Grandmother never had any problems in that department. For all her evidently very careful ways with setting aside money over the years, Gran had lived a very nice life and had been around the world.

"Ted, I'm not preaching, you know that," Estelle continued. "But we just don't believe in all this hoopla you read about and see in the magazines and on TV. A stock that happens to trade publicly is nothing more than an ownership claim on a corporation. If you don't think of yourself as a business owner and think more of yourself as an owner of slips of paper that are readily tradable in the market, your chances of doing well are greatly reduced. Business is business, whether it's a public or private company.
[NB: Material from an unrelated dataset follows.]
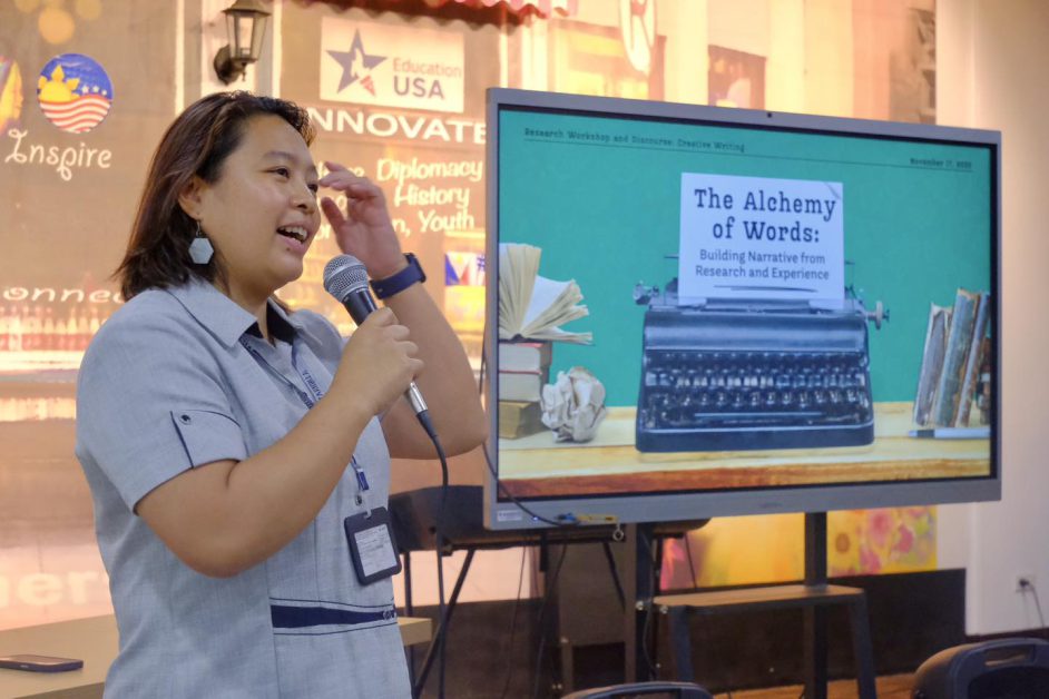 This workshop formed part of the NEOLOUPHIS Theme Research Workshop and Discourse Series, tied with the University Library’s Experience USA and Information Session. The resource speaker, Ms. Kaye Leah Sitchon, delivered a timely and inspiring talk on “The Alchemy of Words: Building Narrative from Research and Experience.” Her insights resonated with the theme, emphasizing the transformative power of words in bridging research and creative expression.

You do the things that we did together to build Estee's Recipes and I think you'll do fine, my dear. I'll love you always."

The screen went dark. Grandmother could do anything, and this was just more proof of that. Ted hadn't thought that much about investing in the market. Of course, his competitors were publicly traded, but Gran had always said the more you worry about your competitors or their stock prices, the less you're going to do for your own business. But Ted would have to address this situation at some point in the next year. He would no doubt watch this videotape over, probably many times, as he went about taking care of Gran's legacy.